The global financial markets are motivated by fear, greed and indecision and they dominate stock market activity. Fear, greed and indecision influences the price of a security and commodity within the global markets.

Any security or commodity price is a very important statistic in the world of technical analysis. It’s the only accurate measure of psychological investor sentiment. It’s therefore the intersection of supply and demand.

80% of Trading is Psychology

When the stock market is bullish it means that there is more demand than supply and when the stock market is bearish there is more supply than demand.

What Is Technical Analysis

Technical analysis is the study of historical price performance. The traders endeavour is to depict future price movement.

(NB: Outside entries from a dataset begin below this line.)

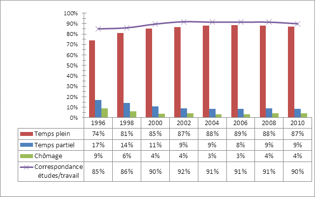 Si les relances des années 1990 à 1996 présentaient une situation d'insertion profesionnelle qui graduellement se dégradait par le fait que les emplois à temps plein étaient de moins en moins nombreux (de 83,5% à 74,4%), le chômage augmentait (de 4,6% à 8,5%), la correspondance études-travail régressait (de 89,3% à 85,1%) et les emplois permanents étaient de moins en moins fréquents (de 74,1% à 63%), à partir de l'enquête de 1998, cette tendance s'est inversée et dans les années 2000, l'accès au marché du travail fut généralement rapide et facile, une tendance qui ne se dément pas en 2010. Que ce soit le nombre d'emplois, les emplois à temps plein ou à temps partiel, le taux de chômage, la correspondance études-travail ou le nombre de postes permanents, toutes les variables relatives à l'emploi se maintiennent à leur plus haut niveau avec de légères fluctuations de relance en relance (voir le tableau ci-dessous). De plus, lorsqu'on compare la situation actuelle à celle qui prévalait lors de la Relance 2008, on constate : -que les délais avant de décrocher un premier emploi à temps plein sont plus courts (moins de 3 mois pour 67,8% vs. 62,9%); -et que les salaires augmentent (48,1% vs. 40,6% gagnent plus de 45 000$ par année). Mentionnons, également, qu'ils sont nombreux à poursuivre des études (30,4% en 2009 et 23,8% en 2010) et que les femmes restent majoritaires malgré une légère baisse (59% des répondants vs. 64% en 2008).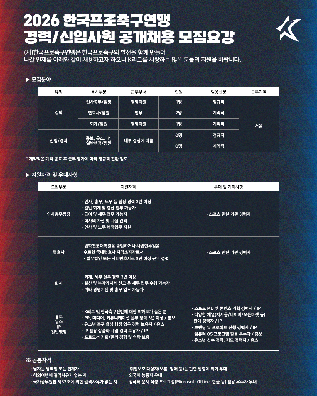 한국프로축구연맹(총재 권오갑)이 신입 및 경력사원을 공개 채용한다. 직무는 인사총무팀장, 변호사, 회계, 홍보, 유스지원, IP사업 및 기타 일반 행정 등이다.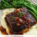 - Serve: Plate the short ribs alongside mashed potatoes and steamed broccolini. Spoon pan juices over top, and garnish with extra thyme leaves and a sprinkle of freshly cracked black pepper if desired.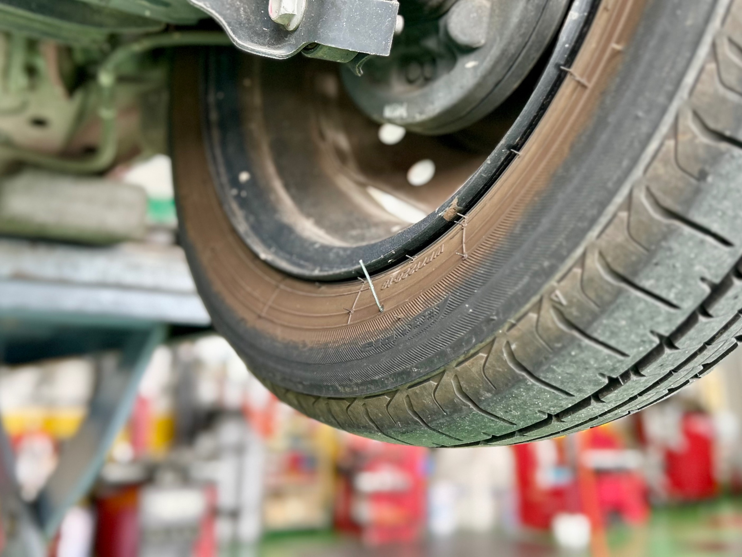早速交換作業をするのにお車をリフトで上げましたら、なんと針金みたいなのが刺さっていました!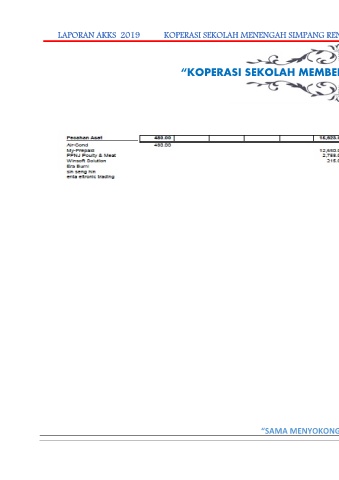 LAPORAN AKKS 2019 KOPERASI SEKOLAH MENENGAH SIMPANG RENGAM KLUANG BERHAD “KOPERASI SEKOLAH MEMBENTUK KEMENJADIAN MURID” “SAMA MENYOKONG SAMA BERUNTUNG” JR 0335 183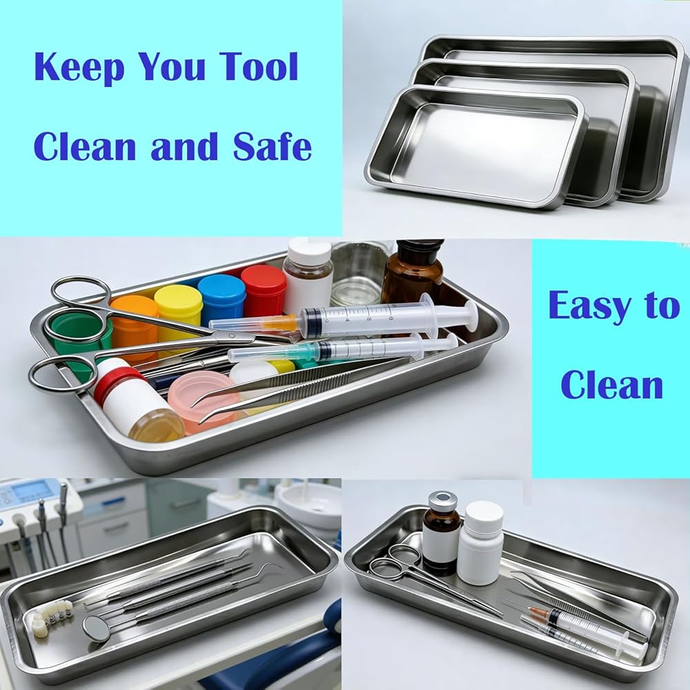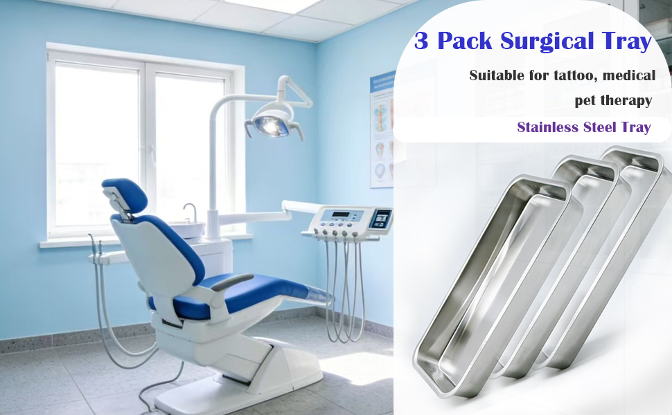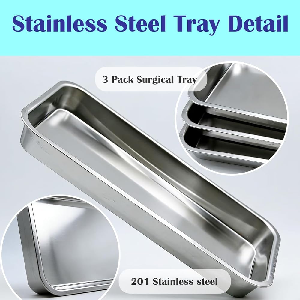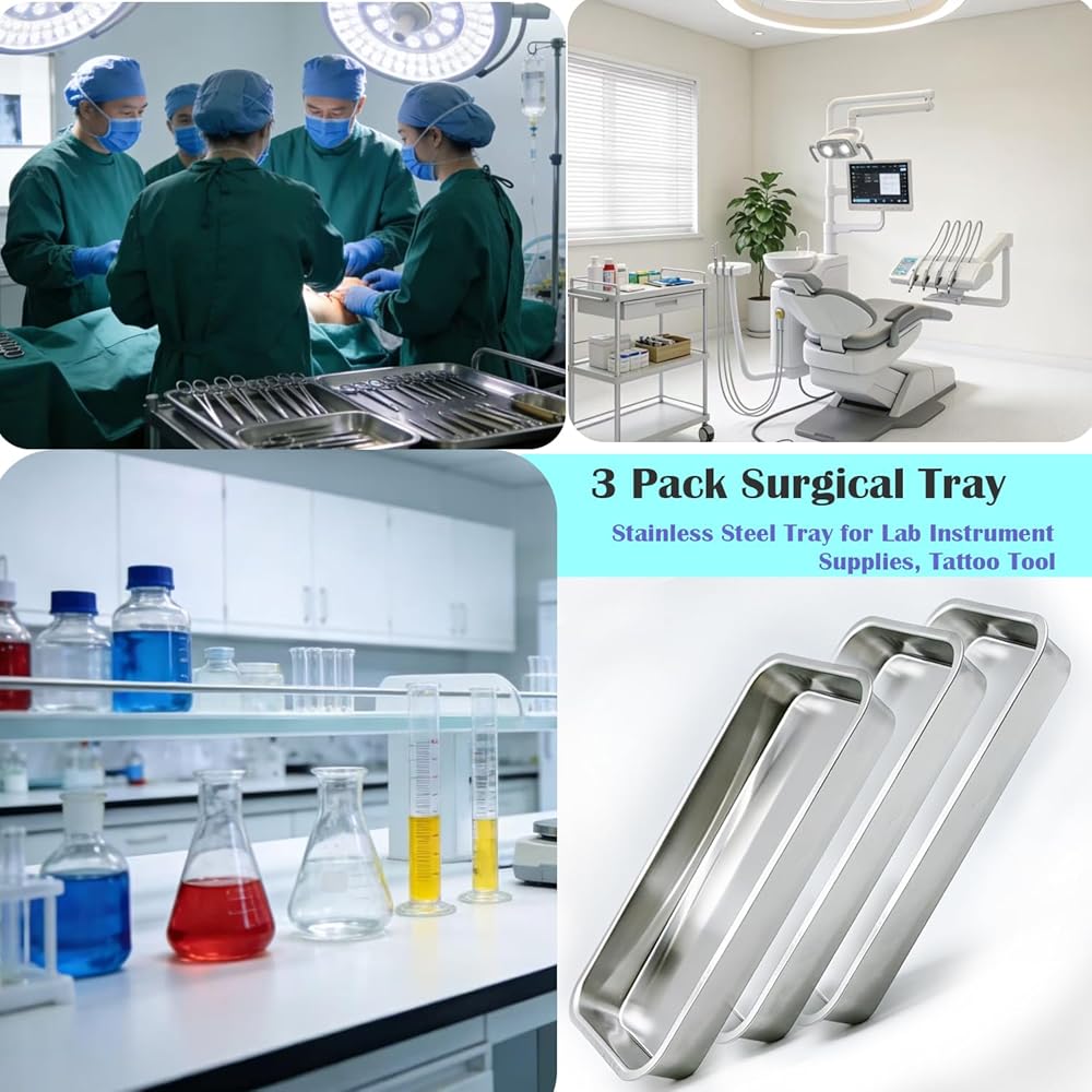 • متعددة الأغراض: 3 عبوات من صينية جراحية طبية احترافية مثالية للأسنان والمختبر والوشم والعلاج الطبي والحيوانات الأليفة. يمكن أيضًا استخدام الصينية المقاومة للصدأ كجهاز مطبخ، وصينية النتح، وصينية العشاء، وأدوات الخبز.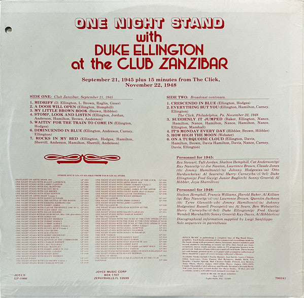 Duke Ellington - One Night Stand With Duke Ellington At The Club Zanzibar (LP, Album)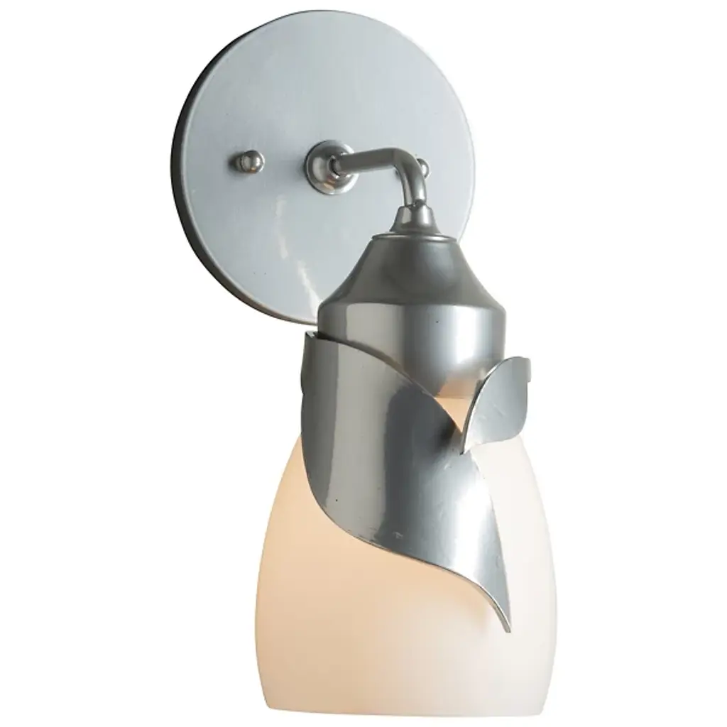Interject a little extra warm, ambient light throughout your home with the Lapas 1-Light Bathroom Wall Sconce by Hubbardton Forge. This wall sconce features a circular backplate and a minimal angled metal arm that connects to the single glass globe. Delicate metal ribbonry wraps around the top of the globe. Both sides of the ribbon are tapered to create a distinctive angle as it embraces the globe’s rose shape. Mount this refreshingly beautiful bathroom wall sconce upwards or downwards to create the directional light you need.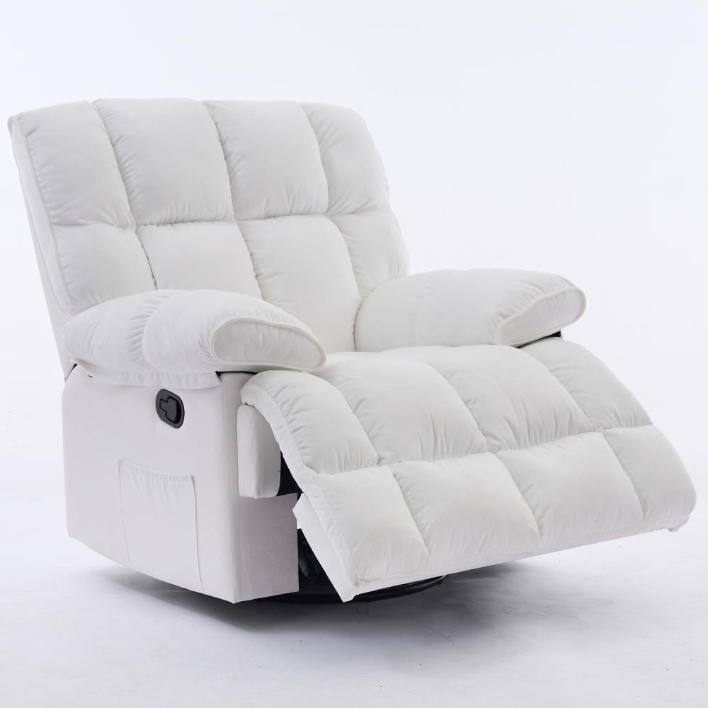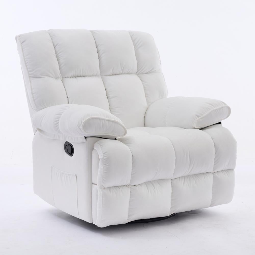 كرسي إسترخاء هزاز ودوار قماش مخمل ناعم جداً - أبيض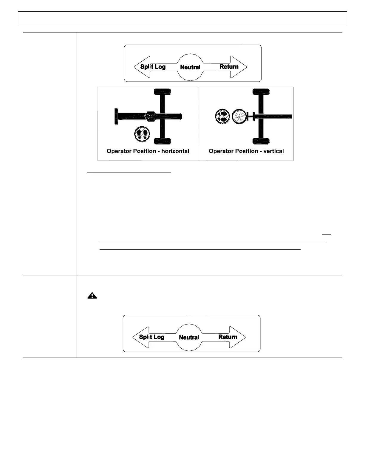 • Remove hands. Remove both hands from log before activating Split Control Lever.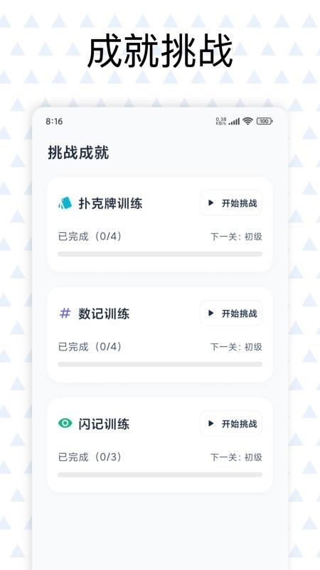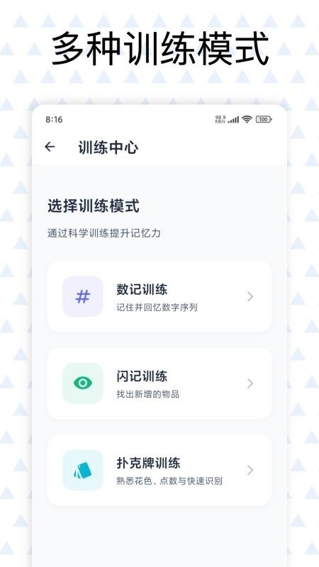 在这里就可以开启记忆力训练模式,按照软件的指导进行训练,帮助用户提升记忆力;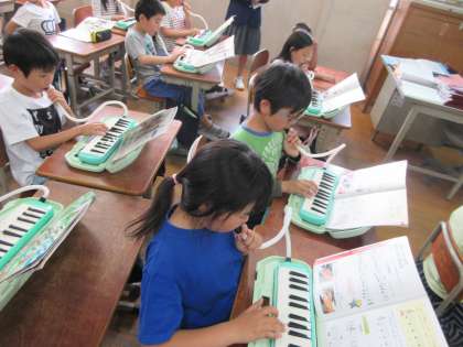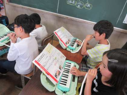 鍵盤ハーモニカの指使い。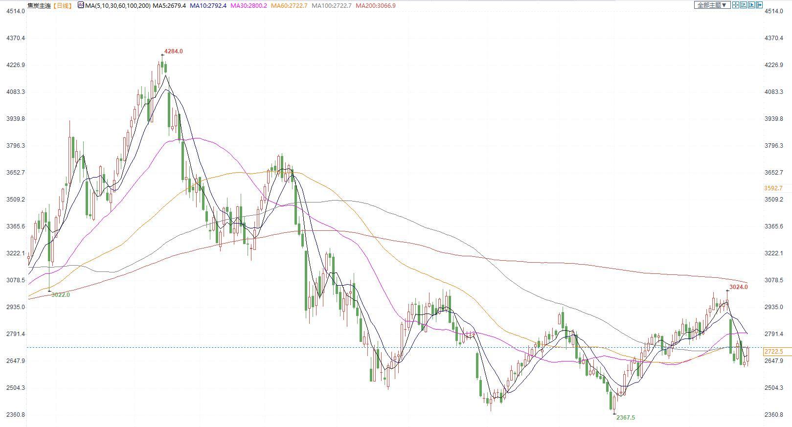 价格:今日05合约2722.5,港口准一级仓单成本2989元/吨。焦炭市场全面落实四轮涨价后暂稳运行
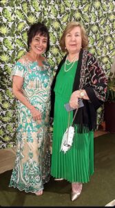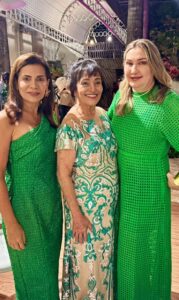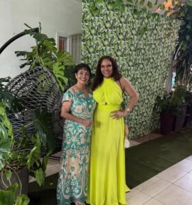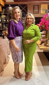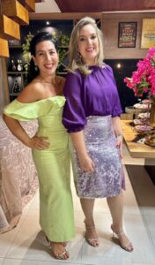 Na foto, Dra. Simone, deslumbrante em um vestido verde todo bordado, ao lado da amiga Flavia Lavocat.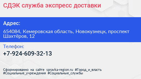 СДЭК, служба экспресс-доставки по адресу 654084, Кемеровская область, Новокузнецк, проспект Шахтёров, 12 в дальнейшем Организация, размещена в следующих категориях: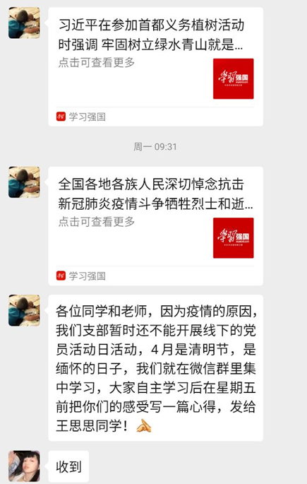 受疫情影响,支部决定开展线上党员活动日,线上线下同频共振,以高度的党性意识认真落实党组织的工作部署。会上,支部书记分享了习近平总书记在参加首都义务植树活动时重要讲话,和习近平等党和国家领导人在京出席哀悼活动。习近平总书记强调:这场新冠肺炎疫情防控斗争是中华民族伟大复兴历史征程中又一次前所未有的考验。在全国疫情防控形势持续向好、复工复产不断推进的时刻,我们一起参加义务植树,既是以实际行动促进经济社会发展和生产生活秩序加快恢复,又是倡导尊重自然、爱护自然的生态文明理念,促进人与自然和谐共生。与会人员认真聆听习近平总书记重要讲话内容,并每人提交一份学习心得,认真感悟习近平总书记重要讲话精神。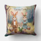 Coussin Oeufs de chasse de la famille de lapin de Pâques -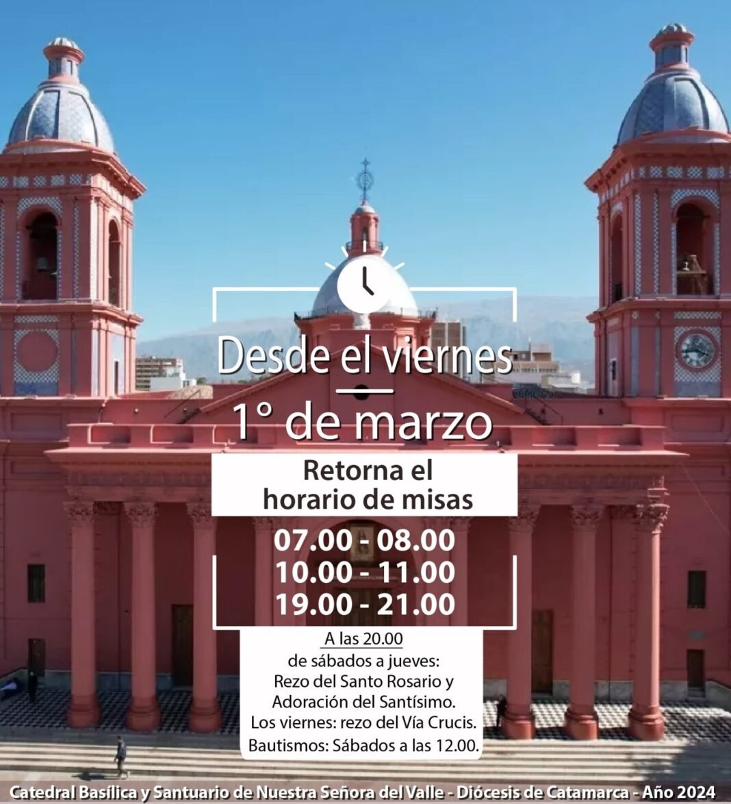 Desde la Catedral Basílica y Santuario de Nuestra Señora del Valle, comunican que, a partir del viernes 1 de marzo, se retoma el horario habitual de Misas diarias.

Technical analysis makes the assumption that investor sentiment is at least and possibly a more important determinant of price than fundament factors like earnings, revenues and profit margins.

What is technical analysis? In Short Involves Charting

Technical analysis is about interpreting pictures, known as charts, and using those pictures to chart and depict the roadmap of probable direction of a stock.

The stock market is a never ending battle between those who think the stock price should go down (the bears) and those who think the stock price should go up (the bulls).

While both parties are constantly engaged in this investor battle, the results of their actions are etched clearly and forever on a stock chart.

The investor psychology game between the bulls and the bears has been going on for centuries, leaving us with quite a historical record of how the battles evolve and how they play out.

The fundamental drivers of human nature and behaviour in the stock market have not changed. People are still possessed by fear and greed in the 21st century, just as they were in the 1800′s. There is nothing new in the stock market.

What is technical analysis? – Investor emotions through market cycles.

The image above shows us the investor emotion through market cycles. As you can see when the stock price is going up, investor feels excitement, thrill and euphoria, they are on top of the world think that they are smart and invincible.

When the stock price starts to move down the investor feels the emotions of anxiety, denial, fear, desperation, panic, capitulation and despondency.

Investors go through all these emotions when trading.  With technical analysis skills you are able to stack the odds in your favour and increase the likelihood of being in a successful trade.